(Given data)
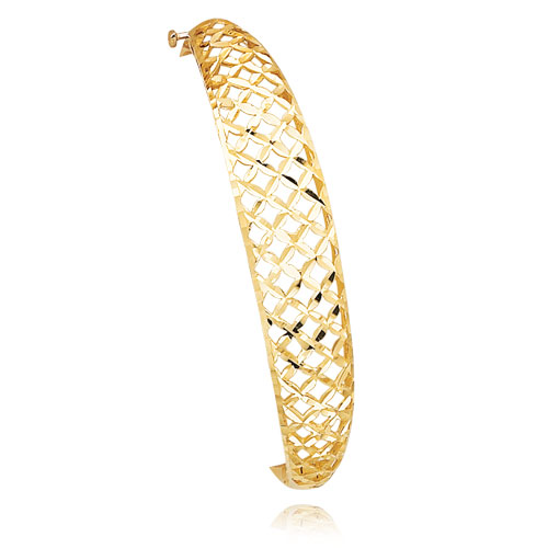 14K Gold 6.25mm-12.5mm Graduated Fancy Weave Hinged Bangle Bracelet
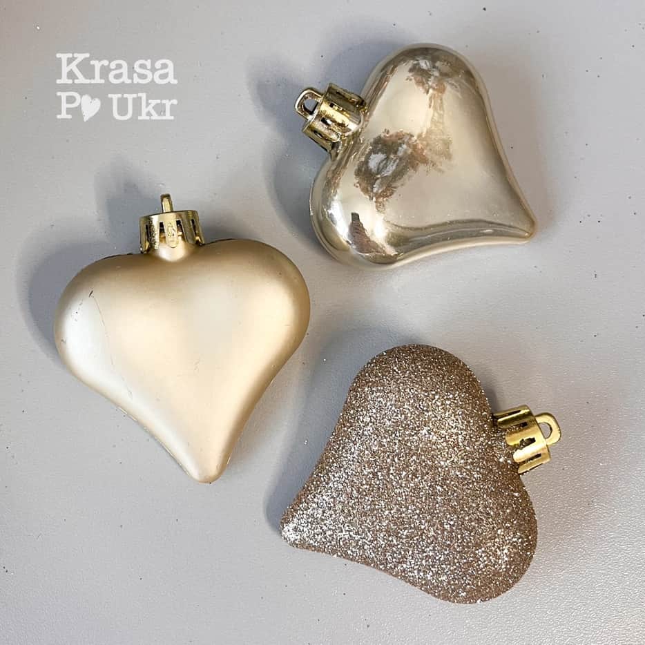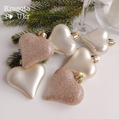 Новорічна іграшка серце (6 см) шампань – 3 шт або 6 шт
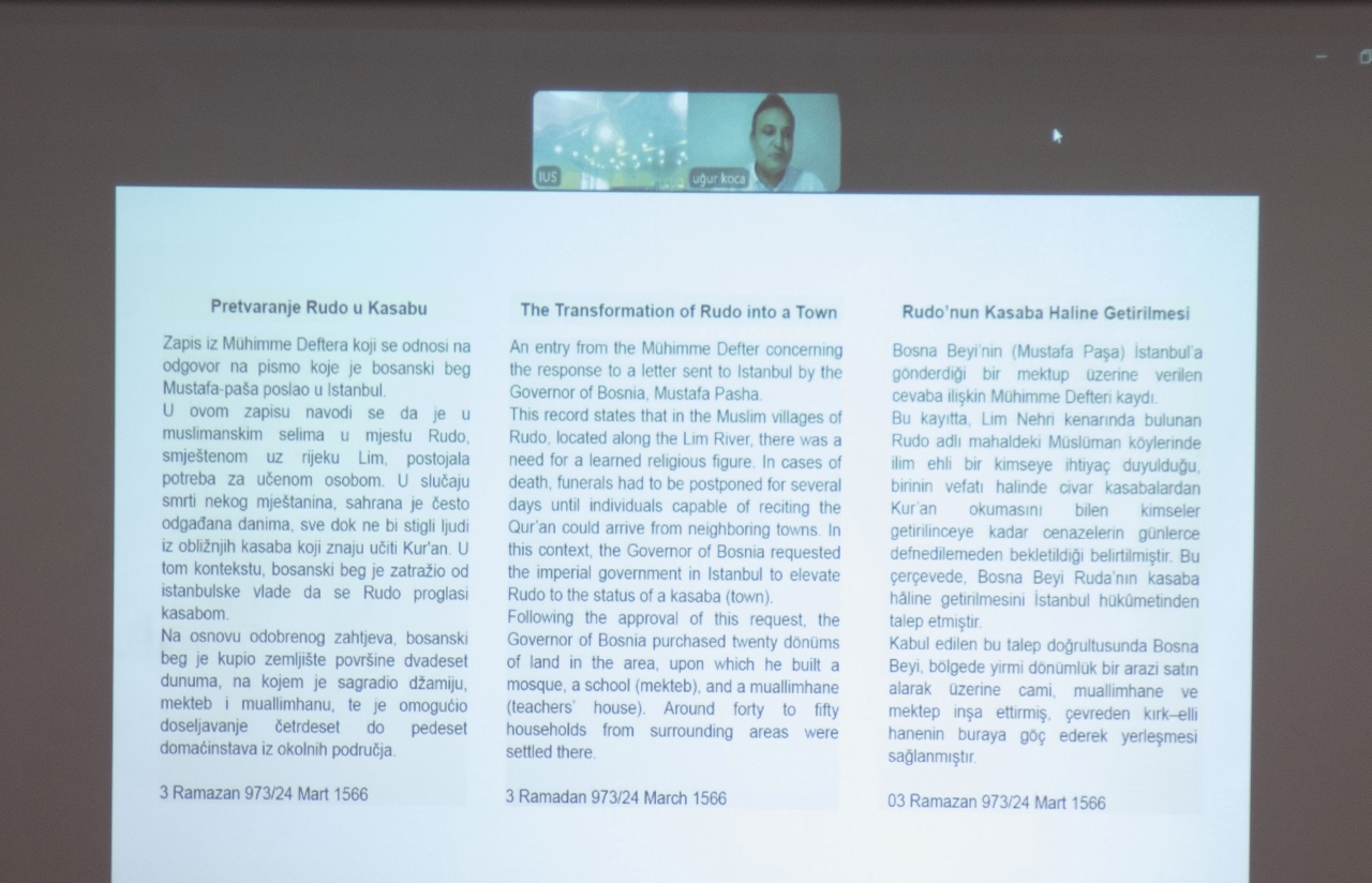 In addition to Dr. Husić, speakers included Prof. Dr. Sedad Bešlija, Director of the Institute of History, University of Sarajevo; Dr. Uğur Koca from the General Directorate of State Archives of the Republic of Türkiye; Dr. Ramazan Pantik from the General Directorate of Foundations of the Republic of Türkiye; and Dr. Fatih Çalışır.
(End Given data)
Take the lines from the one that contains "Новорічна іграшка серце" down to the last line of the listing above, both included, and set them down exactly, leaving out pictures.

 Новорічна іграшка серце (6 см) шампань – 3 шт або 6 шт
 In addition to Dr. Husić, speakers included Prof. Dr. Sedad Bešlija, Director of the Institute of History, University of Sarajevo; Dr. Uğur Koca from the General Directorate of State Archives of the Republic of Türkiye; Dr. Ramazan Pantik from the General Directorate of Foundations of the Republic of Türkiye; and Dr. Fatih Çalışır.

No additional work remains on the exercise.